◆ What to produce ◆
Leave out the pictures and retype everything else in the records below exactly.

++++

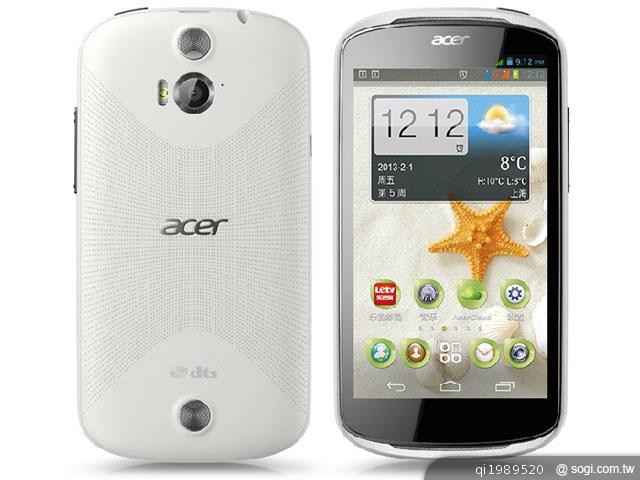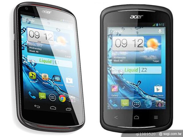 宏碁日前推出兩款雙卡雙待智慧型手機 Acer Liquid E1、Liquid Z2 皆內置 Acer Cloud 雲端服務功能。其中 Acer Liquid E1 採用 Android 4.1.1 作業系統,配置 4.5 吋、960 x 540pixels 解析度 IPS 觸控螢幕,內建聯發科 MediaTek MT6577, 1GHz 雙核心處理器、1GB RAM / 4GB ROM,擁有 500 萬畫素相機,電池容量為 1,760mAh。Acer Liquid Z2 則是採用 Android 4.1 作業系統,搭載 3.5 吋、480 x 320pixels 解析度的 HVGA 觸控螢幕,內建 Qualcomm MSM7227A, 1GHz 單核心處理器、512MB RAM / 4GB ROM,備有 1,300mAh 容量電池。Acer Liquid E1、Liquid Z2 兩款手機將率先在法國、比利時、荷蘭和烏克蘭上市,之後會在俄羅斯、英國和義大利推出。
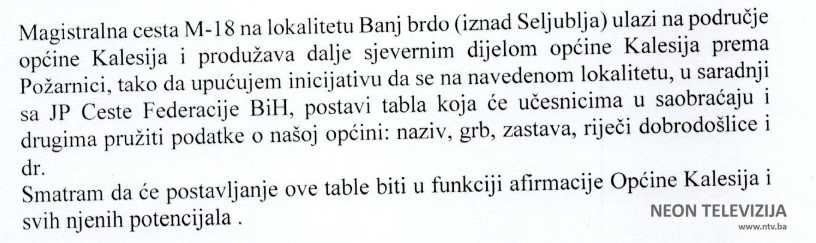 Hasan Ramić: Da nadležni općinski organi na magistralnoj cesti M 18 na lokalitetu Banj brdo postave tablu sa natpisom “Općina Kalesija-Dobrodošli” i drugim prigodnim sadržajem.
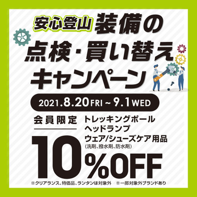 安心登山! 「装備の点検・買い替えキャンペーン」 ■2021年8月20日~9月1...
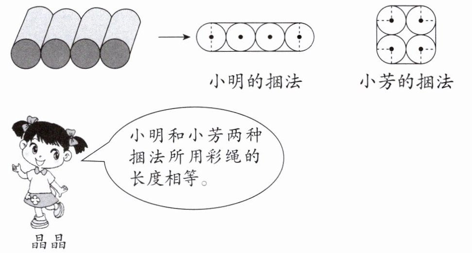 6. 学校开展“卫生纸芯变废为宝”活动。小明和小芳都想到了用纸芯做笔筒,他们分别把4个纸芯摆好后用彩绳捆绑固定,打捆方式如下图所示(打结处彩绳长度不计),已知纸芯的直径约为3cm(纸芯厚度忽略不计)。请你判断晶晶的说法是否正确,并说明理由。
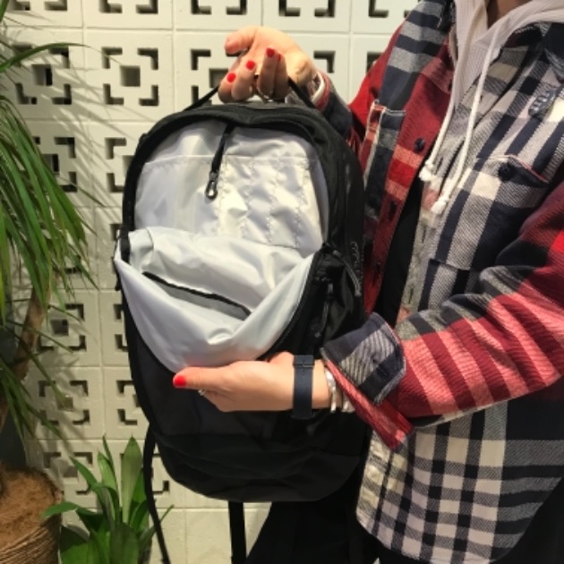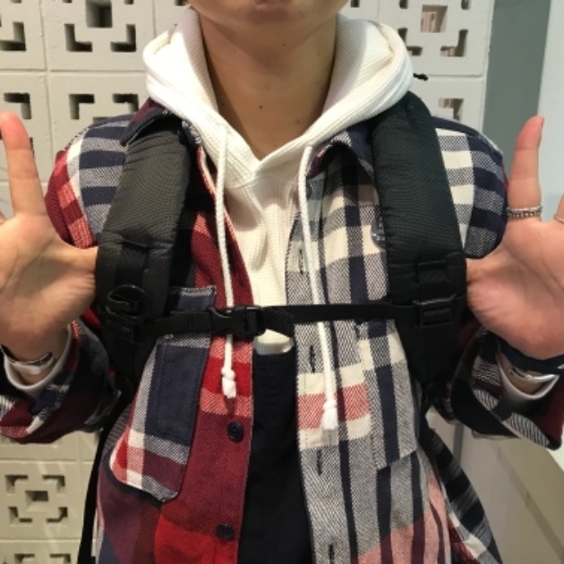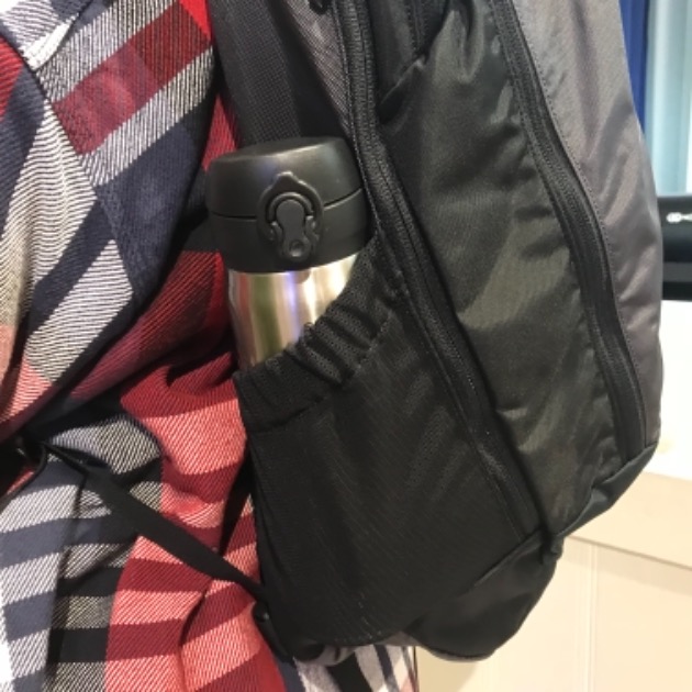 『サイドのメッシュポケット!これ大事!私って毎日水筒持ち歩くからさ〜…やっぱりサイドにポケットがあるのは嬉しいよね〜。水筒には氷を入れて、いつでも冷たい飲み物を飲めるようにしてるよッ』
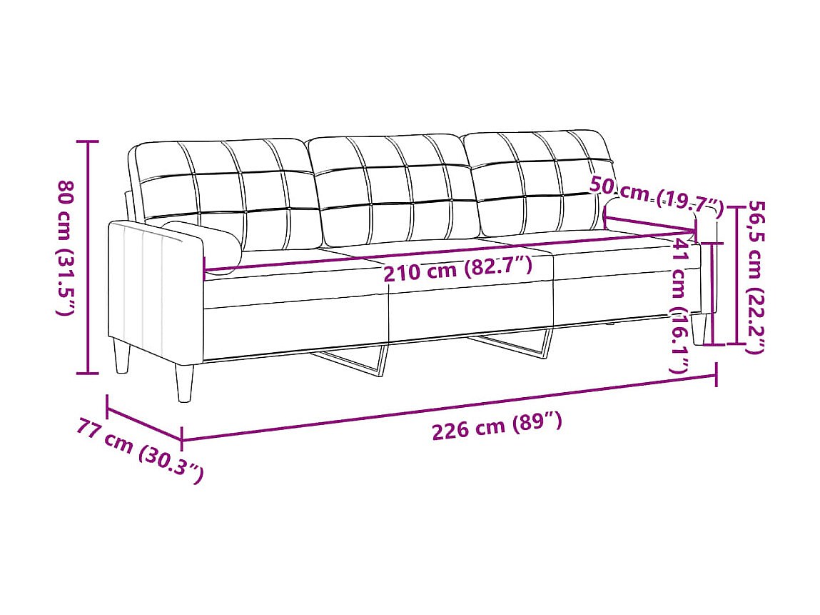 Sofá de 3 plazas con cojines decorativos tela burdeos 210 cm
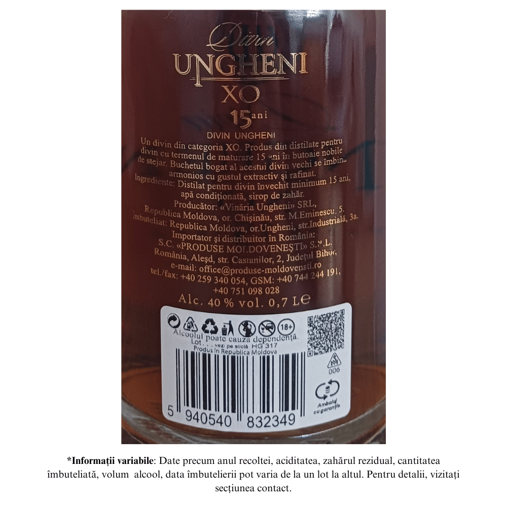 Acest Divin XO este produs la Vinăria Ungheni cu o vechime de 15 ani, fiind maturat în butoaie de stejar. Are o culoare de chihlimbar și o aromă deosebită.
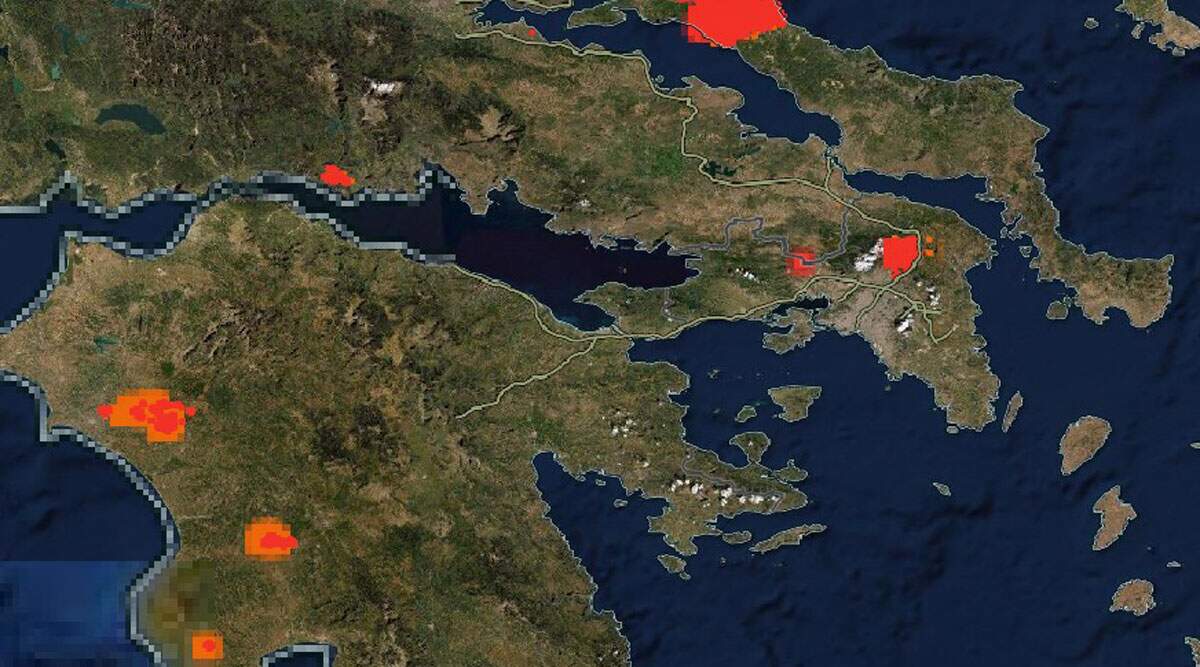 Σοκάρει η εικόνα με τα φλεγόμενα μέτωπα στην Ελλάδα, όπως μεταδίδεται σε πραγματικό χρόνο στην υπηρεσία FIRMS (Fire Information for Resource Management System) της NASA.
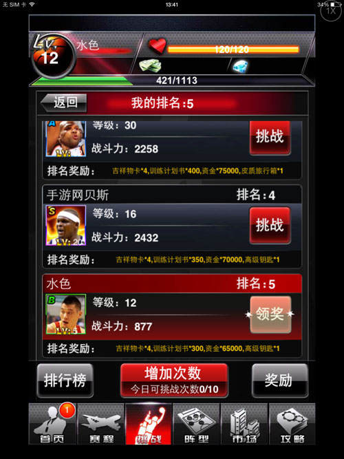 NBA2K全明星在游戲中玩家需要扮演一名籃球俱樂部經(jīng)理,招兵買馬壯大自己的球隊,迎接一個又一個的挑戰(zhàn)。進入游戲后玩家就能看到游戲的首頁,在這里可以管理球隊的隊員、參加比賽、挑戰(zhàn)其他玩家、設置陣型以及購買新球員。
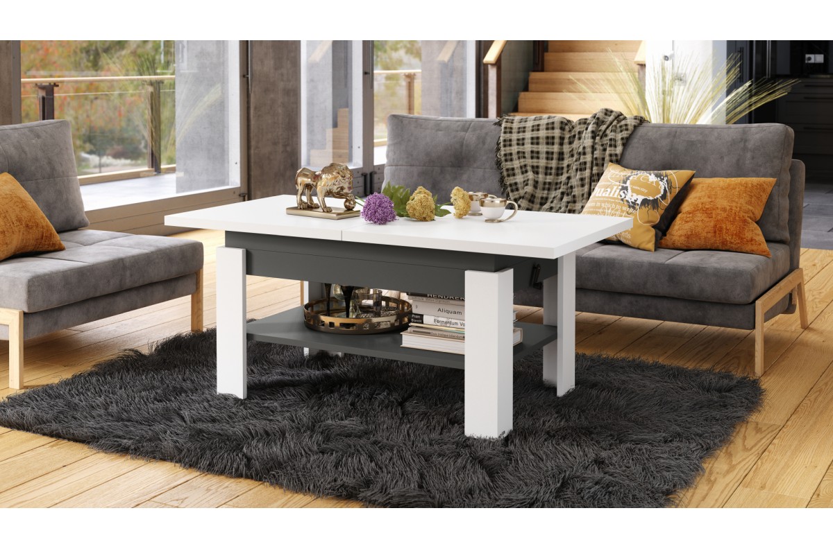 Kavos staliukas pagamintas iš matinės medžio drožlių plokštės, laminuotos iš abiejų pusių, 28 mm storio (viršus) ir 18 mm storio (kiti elementai), apdailintos 1 mm ABS kraštais.

++++

◆ Answer section ◆
 宏碁日前推出兩款雙卡雙待智慧型手機 Acer Liquid E1、Liquid Z2 皆內置 Acer Cloud 雲端服務功能。其中 Acer Liquid E1 採用 Android 4.1.1 作業系統,配置 4.5 吋、960 x 540pixels 解析度 IPS 觸控螢幕,內建聯發科 MediaTek MT6577, 1GHz 雙核心處理器、1GB RAM / 4GB ROM,擁有 500 萬畫素相機,電池容量為 1,760mAh。Acer Liquid Z2 則是採用 Android 4.1 作業系統,搭載 3.5 吋、480 x 320pixels 解析度的 HVGA 觸控螢幕,內建 Qualcomm MSM7227A, 1GHz 單核心處理器、512MB RAM / 4GB ROM,備有 1,300mAh 容量電池。Acer Liquid E1、Liquid Z2 兩款手機將率先在法國、比利時、荷蘭和烏克蘭上市,之後會在俄羅斯、英國和義大利推出。
 Hasan Ramić: Da nadležni općinski organi na magistralnoj cesti M 18 na lokalitetu Banj brdo postave tablu sa natpisom “Općina Kalesija-Dobrodošli” i drugim prigodnim sadržajem.
 安心登山! 「装備の点検・買い替えキャンペーン」 ■2021年8月20日~9月1...
 6. 学校开展“卫生纸芯变废为宝”活动。小明和小芳都想到了用纸芯做笔筒,他们分别把4个纸芯摆好后用彩绳捆绑固定,打捆方式如下图所示(打结处彩绳长度不计),已知纸芯的直径约为3cm(纸芯厚度忽略不计)。请你判断晶晶的说法是否正确,并说明理由。
 『サイドのメッシュポケット!これ大事!私って毎日水筒持ち歩くからさ〜…やっぱりサイドにポケットがあるのは嬉しいよね〜。水筒には氷を入れて、いつでも冷たい飲み物を飲めるようにしてるよッ』
 Sofá de 3 plazas con cojines decorativos tela burdeos 210 cm
 Acest Divin XO este produs la Vinăria Ungheni cu o vechime de 15 ani, fiind maturat în butoaie de stejar. Are o culoare de chihlimbar și o aromă deosebită.
 Σοκάρει η εικόνα με τα φλεγόμενα μέτωπα στην Ελλάδα, όπως μεταδίδεται σε πραγματικό χρόνο στην υπηρεσία FIRMS (Fire Information for Resource Management System) της NASA.
 NBA2K全明星在游戲中玩家需要扮演一名籃球俱樂部經(jīng)理,招兵買馬壯大自己的球隊,迎接一個又一個的挑戰(zhàn)。進入游戲后玩家就能看到游戲的首頁,在這里可以管理球隊的隊員、參加比賽、挑戰(zhàn)其他玩家、設置陣型以及購買新球員。
 Kavos staliukas pagamintas iš matinės medžio drožlių plokštės, laminuotos iš abiejų pusių, 28 mm storio (viršus) ir 18 mm storio (kiti elementai), apdailintos 1 mm ABS kraštais.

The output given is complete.